Evajean had her hands pressed into the dash and she squeaked each time the truck’s tires made another thump. The dog whimpered from behind her seat. Crazies punched at the windows and one threw a flashlight, cracking the windshield in a long, horizontal line at Elliot’s eye level.

He pushed the stick into first gear and drove over three crazies who were trying to get up onto the truck’s hood. The back left tire stuck and then spun. He let off the gas and then pumped it slowly until the wheel came free. “Oh, God,” Evajean repeated over and over, whispering it to herself.
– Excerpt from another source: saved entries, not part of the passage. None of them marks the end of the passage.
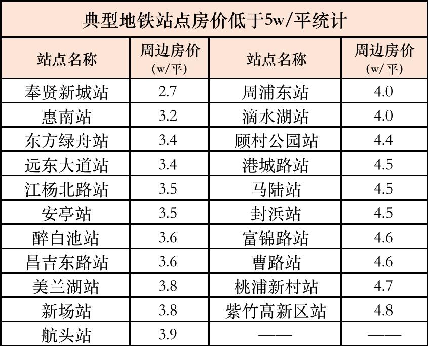 最低房价地铁站点:奉贤新城站(2.7w/平)。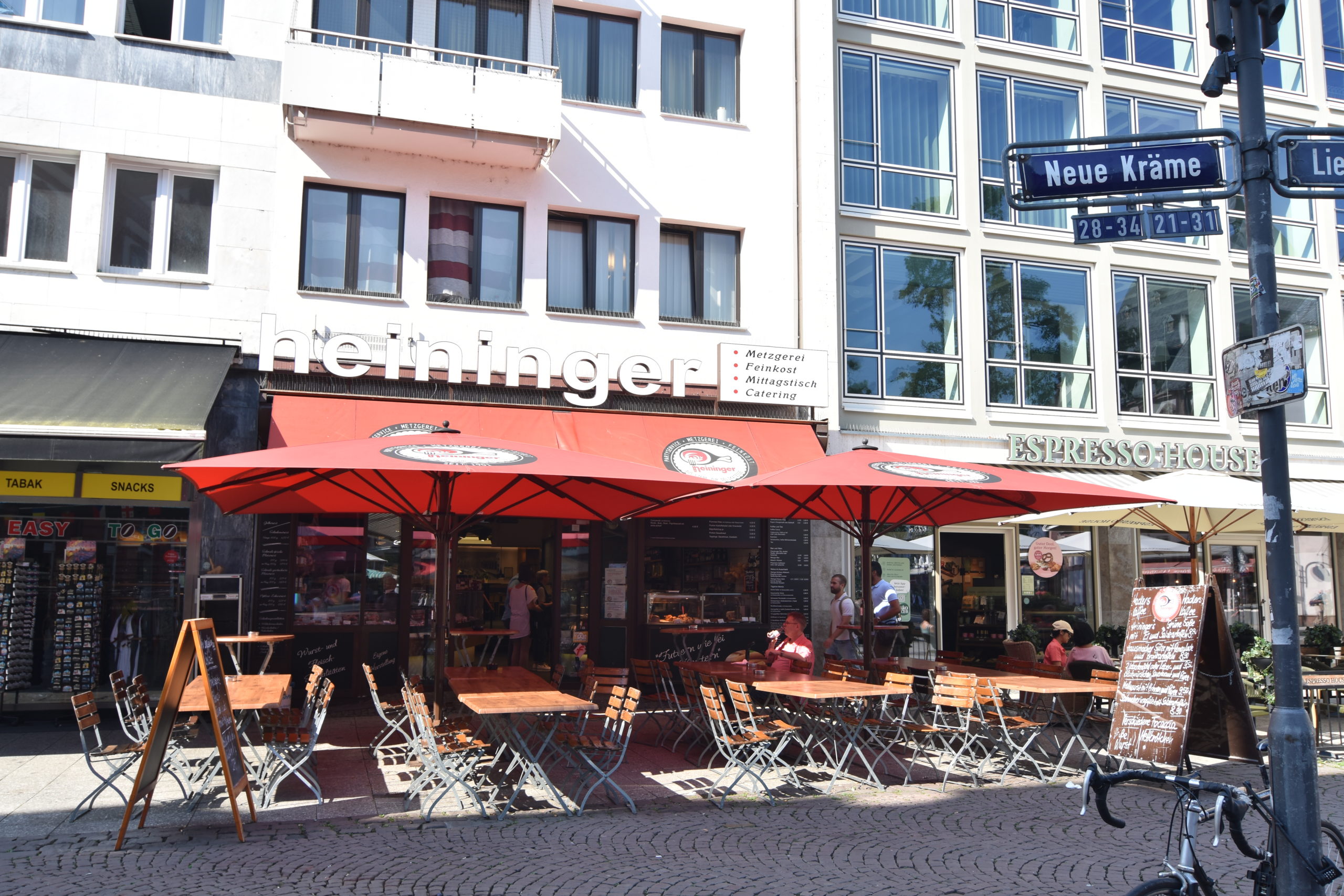 Tatsächlich gibt es in der Frankfurter Altstadt auch heute noch einige alteingesessene Metzgereien, die reichlich Stammkundschaft haben. So in der Braubachgasse, am Liebfrauenberg und natürlich in der Kleinmarkthalle die Flaaschworscht bei Frau Schreiber. Die Altstadtmetzgerei Dey siedelte komplett von der Kleinmarkthalle in die Neue Altstadt um.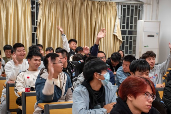 答題環(huán)節(jié)緊張刺激,同學(xué)們爭先搶答,氣氛活躍,一雙雙高高舉起的手臂充分展現(xiàn)出了參賽選手儲備豐厚的國家憲法相關(guān)知識。
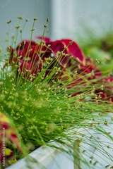 Lush greenery intermingles with colorful flowers, creating a vibrant garden display in bloom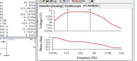 при С = 2200 pF коэффициент усиления Кu= 4,27 полоса пропускания fв-fн = 106352,79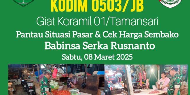 Portalindonews.com | Kodam Jaya, Jakarta Barat _ Perkembangan harga sembako di pasar wilayah teritorial Koramil 01/Tamansari Kodim 0503/Jakarta Barat di bulan suci ramadhan ini terus di pantau para Babinsa secara bergantian setiap harinya guna menghindari adanya pedagang yang sengaj menaikkan harga.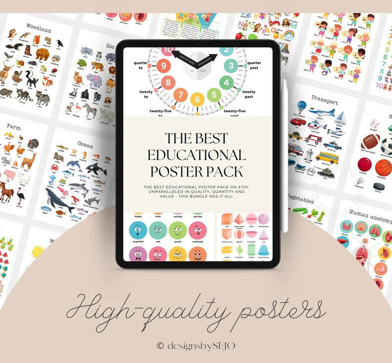 This is a digital download product featuring a set of 101 educational posters. The posters are designed to be colorful and engaging, aimed at aiding children’s learning in various subjects such as the alphabet, numbers, shapes, animals, and more. The posters are intended for use in classrooms, playrooms, and home learning environments.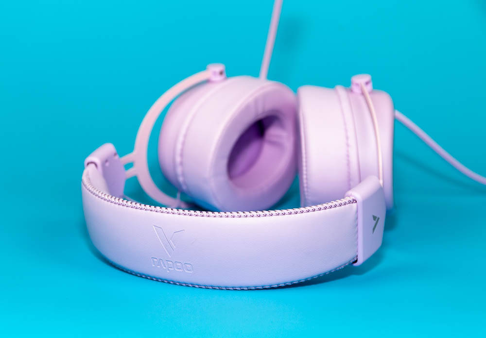 头梁的两侧有灰色的雷柏V形LOGO;在头梁的顶部,还有V形的LOGO和雷柏的英文的阴文,让这款耳机的头梁时尚而不单调沉闷。头梁下采用的是约2cm厚的高密度耐水解皮质海绵,防水耐汗透气,减少佩戴时的压迫感,确保长时间游戏不会累。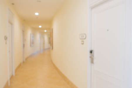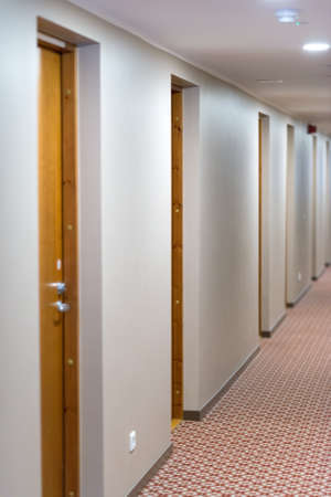 Narrow light corridor with doors of rooms illuminated with lamps inside modern hotel

Then they were back out on the road and heading to the highway, with one crazy clawing up the truck’s front grille and three more in the back, trying to get to the rear window. Elliot swerved, trying to throw them off, but all four hung on and Evajean kept saying “Oh, God. Oh, God. Oh, God.” He could crush the one on the front if he needed to, just drive the truck into a wall at low speed. But the three on the back had stuff to hang on to. Even if he could get the truck up to fifty or sixty miles per hour, they’d just stay back there, like kids in the bed of a pickup. He was pretty sure they wouldn’t be able to get into the cab. The back window was small, only six inches high. Breaking it would allow them to reach inside at most. What concerned him more was the threat to their supplies. If the crazies got mad enough, they might start tossing the food and guns and gasoline off the truck, ruing this second chance he and Evajean had been given.

Elliot accelerated as the crazy in front pulled himself onto the hood.

49

Evajean screamed something, but he didn’t hear her. He couldn’t figure out what to do, couldn’t think of any way to get these damn crazies off the truck. So he drove. He kept his foot pressed all the way down on the gas, the truck accelerating, its frame shaking as it passed forty miles per hour. The crazy on the front slipped back onto the grille, its hands flailing out across the truck’s rusted hood, finding no purchase. It didn’t come all the way off, however. Elliot could still see the top of its head rising just beyond the broken metal lump where a hood ornament used to be.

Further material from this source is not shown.